**Assigned task:** If pictures appear, leave them out, and return exactly the lines from the one holding "Вопрос о развитии" through the last line of the listing below.
-------- Material provided --------
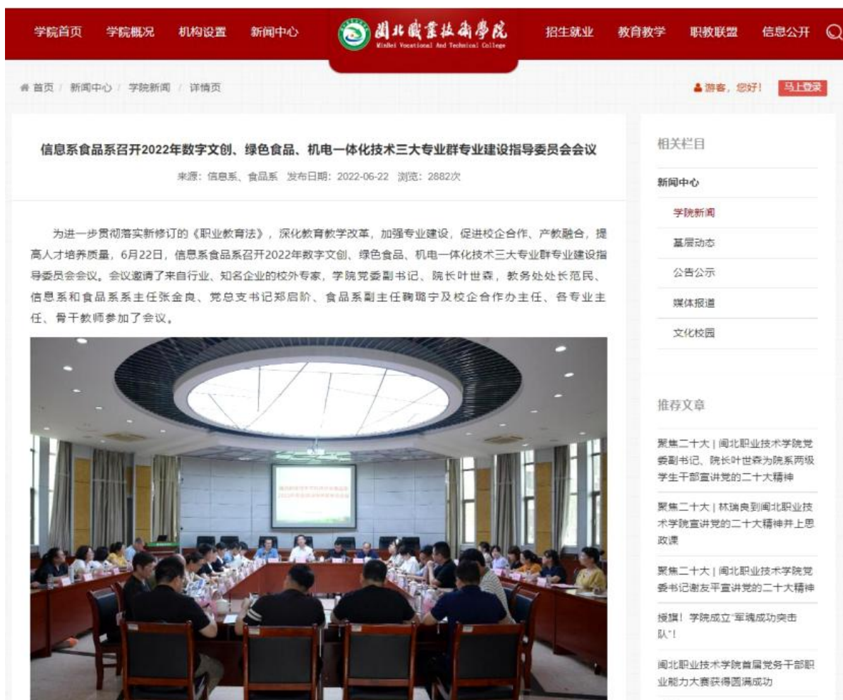
图 10 2022年专业建设指导委员会会议
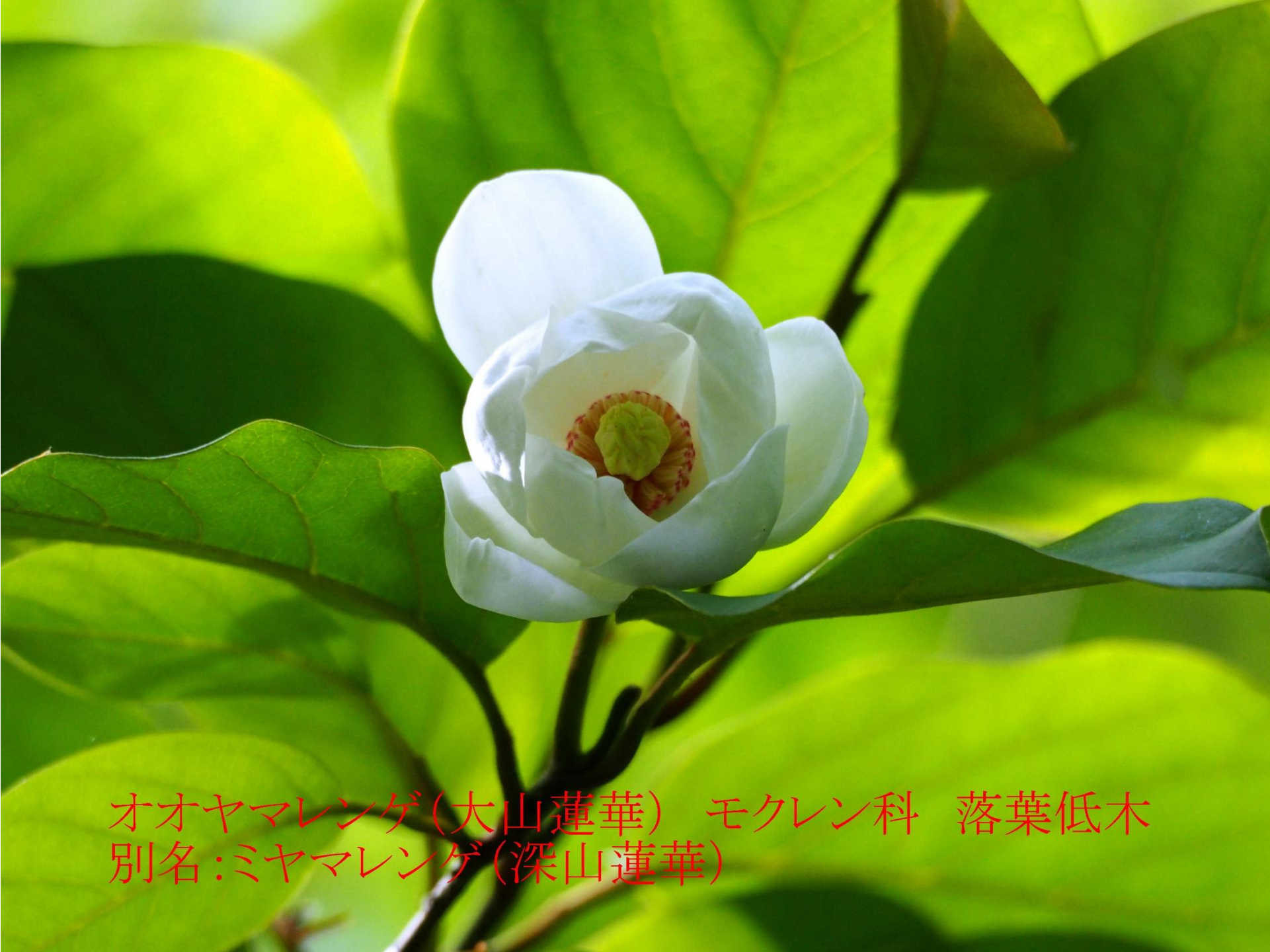
オオヤマレンゲ(大山蓮華) モクレン科 落葉低木 別名:ミヤマレンゲ(深山蓮華)
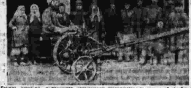
Группа крестьян, пытающаяся организовать товарищество по машинной обработке земли.

Вопрос о развитии народного хозяйства и дорожном хозяйстве неразрывно связаны. Развитие народного хозяйства, рост товарности и острота материальных потребностей требуют соответствующего развития дорожной сети. Необходимо приложить к этому делу все силы и средства. Дорожное хозяйство — это основа экономического развития страны. Без дорог немыслима ни торговля, ни промышленность, ни сельское хозяйство. Дороги — это артерии народного хозяйства. Без них страна обречена на отсталость и бедность.
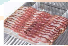
ハム・ベーコン、チーズなどの鱗列が美しく並びます。
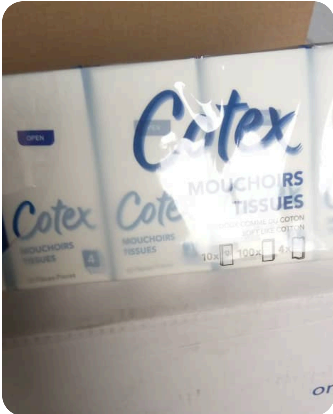
PAPIER MOUCHOIR COTEX BLUE
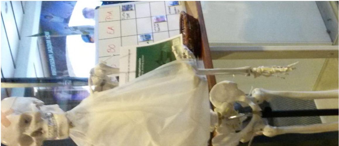
Magneter på tavle på kvægekongres 2015
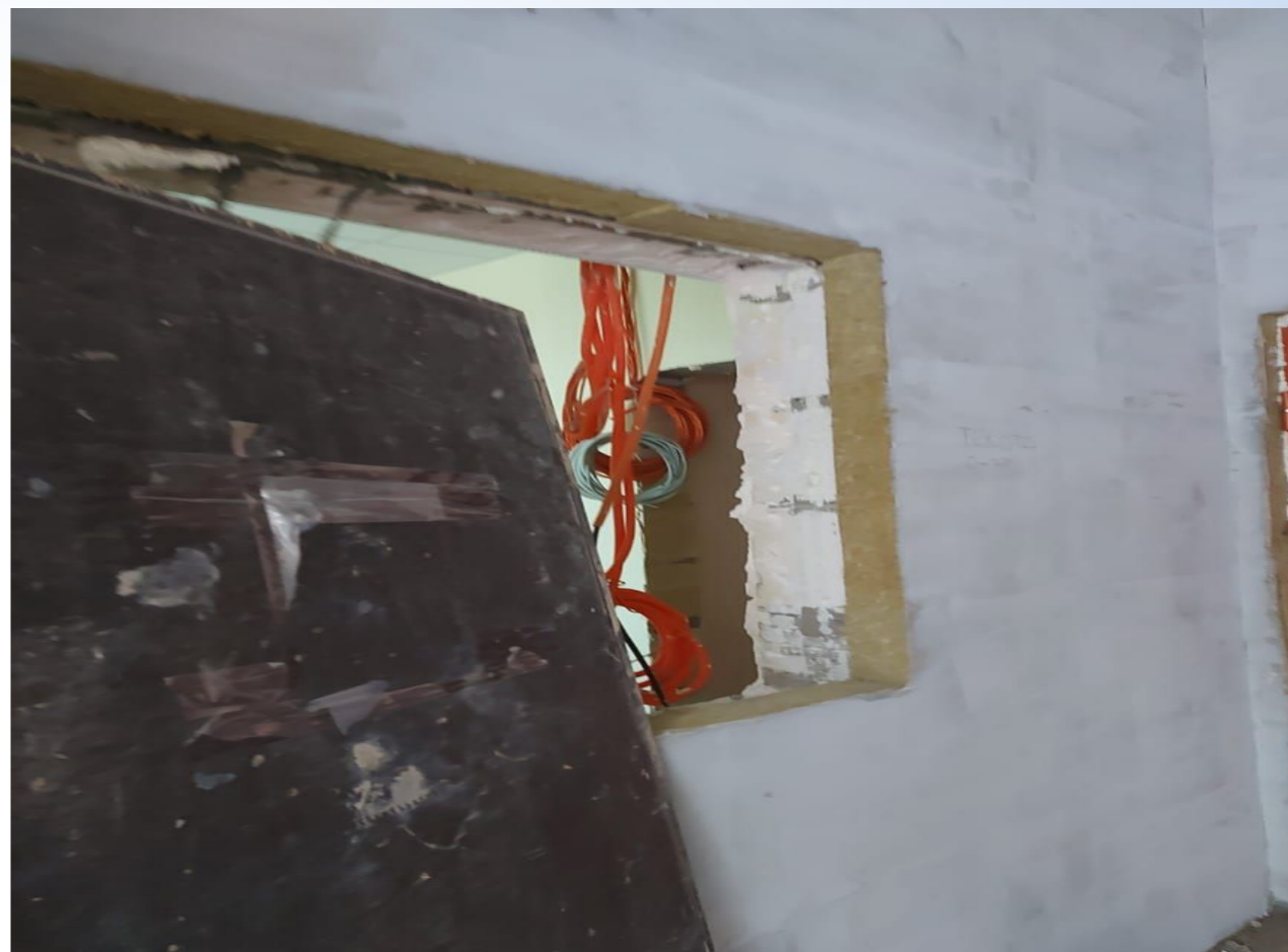
Корпус №3. Не завершены работы по отделке внутренних помещений .
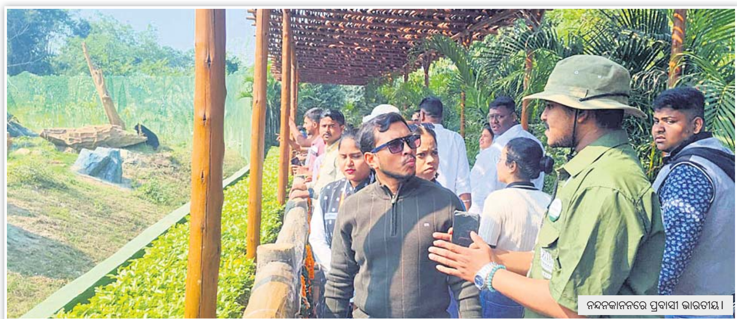
ନନ୍ଦକାନନରେ ପ୍ରବାସୀ ଭାରତୀୟ।
--------
**Solution to this task:**
Вопрос о развитии народного хозяйства и дорожном хозяйстве неразрывно связаны. Развитие народного хозяйства, рост товарности и острота материальных потребностей требуют соответствующего развития дорожной сети. Необходимо приложить к этому делу все силы и средства. Дорожное хозяйство — это основа экономического развития страны. Без дорог немыслима ни торговля, ни промышленность, ни сельское хозяйство. Дороги — это артерии народного хозяйства. Без них страна обречена на отсталость и бедность.
ハム・ベーコン、チーズなどの鱗列が美しく並びます。
PAPIER MOUCHOIR COTEX BLUE
Magneter på tavle på kvægekongres 2015
Корпус №3. Не завершены работы по отделке внутренних помещений .
ନନ୍ଦକାନନରେ ପ୍ରବାସୀ ଭାରତୀୟ।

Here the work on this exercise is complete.